Toen Petrus ontwijkend antwoorden en zich daarna verwijderen
wilde, trad hem een broer van Malchus in de weg, die hem zegde:
“Hoe! gij hier! Heb ik u niet in de Olijfhof gezien? Hebt gij mijn
broer niet gewond aan het oor?”
Petrus werd nu bijna uitzinnig van angst en, om zich van die man
te ontdoen, begon hij met de kracht van zijn driftig temperament
te vloeken en te zweren dat hij die Galileeër geenszins kende en
hij liep uit het atrium naar het binnenplein dat het huis omgaf.

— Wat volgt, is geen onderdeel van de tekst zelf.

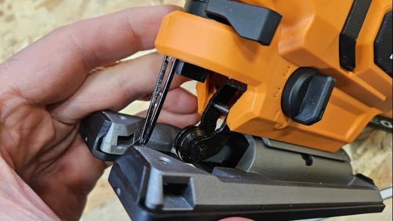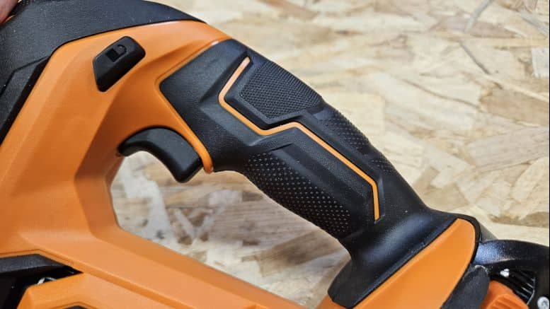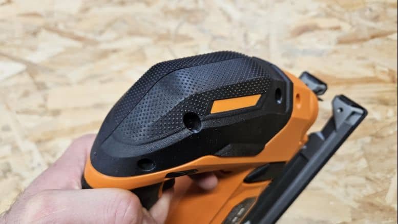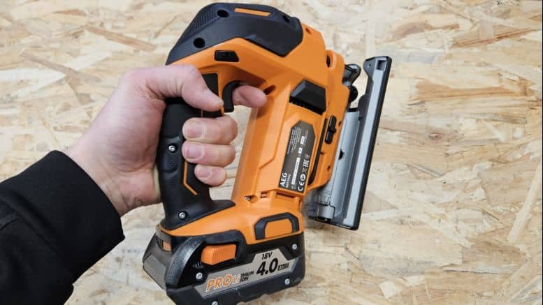 Avec un poids de 1,95 kg (sans batterie), cette scie sauteuse reste dans une moyenne acceptable. Son design en étrier permet une prise en main sûre, et le grip épais apporte une bonne sensation de contrôle. La gâchette et le bouton de sécurité tombent bien sous les doigts, même si ce dernier est un peu éloigné du pouce. Le bouton d’éclairage, placé près du petit doigt, est facilement accessible et améliore la visibilité en zone sombre.
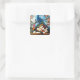 O gato Calico brincando com um dragão chinês vermelho em frente a uma janela de vidro colorido de pavão.
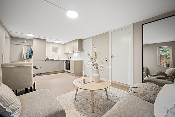 Leiligheten ligger i underetasjen og inneholder stue/kjøkken, soverom, bad/vaskerom og bod.

Op dit ogenblik kraaide de haan voor de tweede maal en leidde
men ook Jezus uit de ronde zaal over het binnenplein neerwaarts
naar de kerker onder de ronde raadszaal.
Jezus wendde zich in het voorbijgaan naar Petrus en
zag hem aan met een blik vol droefheid en
erbarmen. Nu vielen met een vreselijk geweld de woorden
van Jezus Petrus te binnen: “Vóór de haan tweemaal
kraait, zult gij Mij driemaal verloochenen”, en ze
verpletterden hem bijna het hart.
In zijn kommer en angst was Petrus zijn vermetele belofte, die hij
zijn goddelijke Meester op de weg naar de Olijfhof gedaan had:
liever te sterven dan Hem te verloochenen, en de daarop gevolgde
waarschuwing van Jezus, geheel vergeten. Maar bij deze
aanblik van Jezus ontwaakte in zijn ziel het
verbrijzelend gevoel van zondeschuld: hij had gezondigd,
ontzettend gezondigd tegen zijn Meester, terwijl Hij voor hem
mishandeld en onrechtvaardig ter dood veroordeeld werd,
zwijgend het verschrikkelijkste lijden onderging en hem nog
kort te voren zo bezorgd had gewaarschuwd.

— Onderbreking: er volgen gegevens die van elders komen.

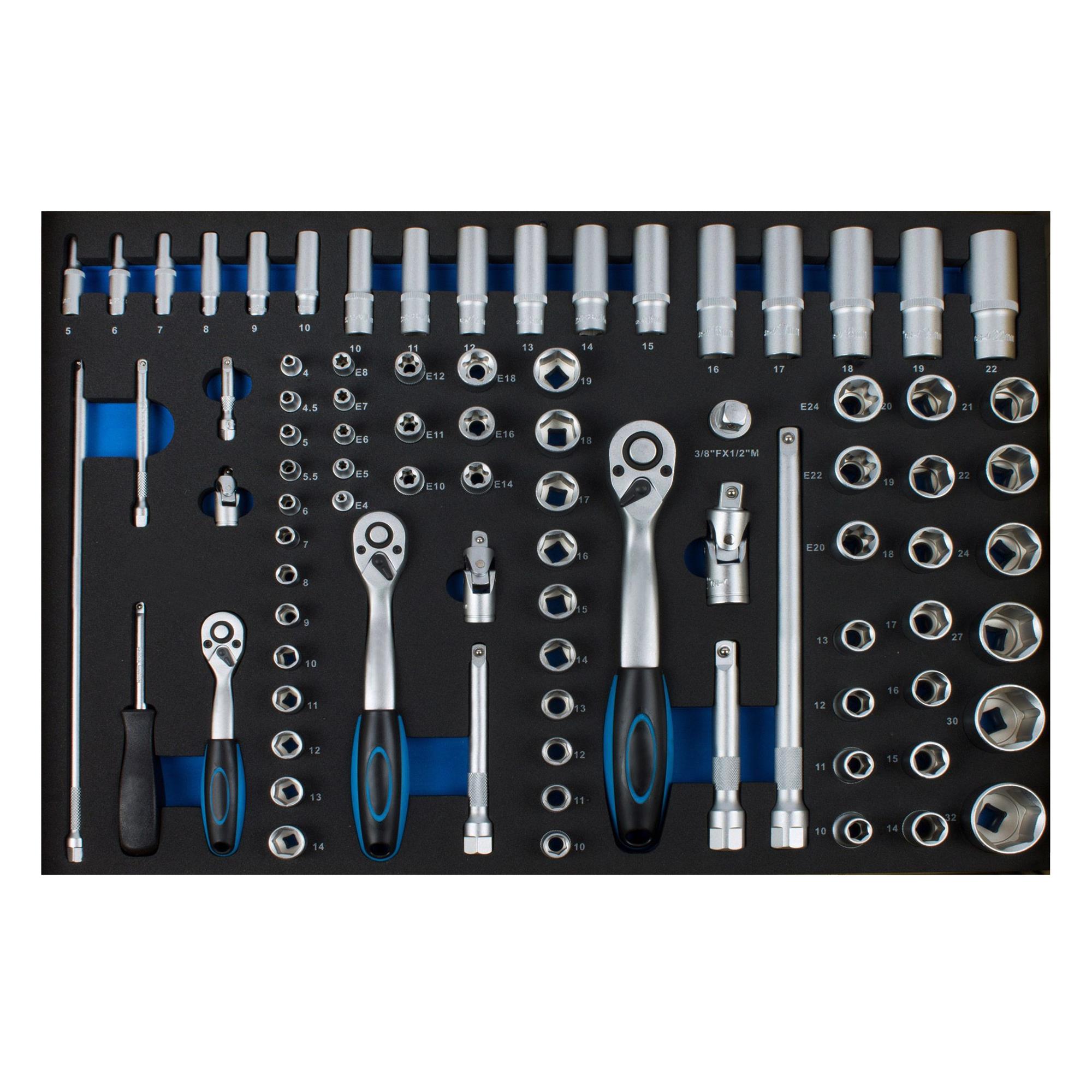 Steckschlüssel-Satz, 85-tlg., in 3/3 Schaumstoffeinlage (Art.-Nr.: 34002)

Bijna zinneloos van berouw ijlde hij naar het buitenplein van het
gerechtshuis en zijn hoofd bedekkend begon hij hevig te wenen.
Nu vreesde hij niet meer aangesproken te worden; nu was hij
bereid aan iedereen te zeggen wie hij was en welk een
verschrikkelijk kwaad zijn geweten bezwaarde.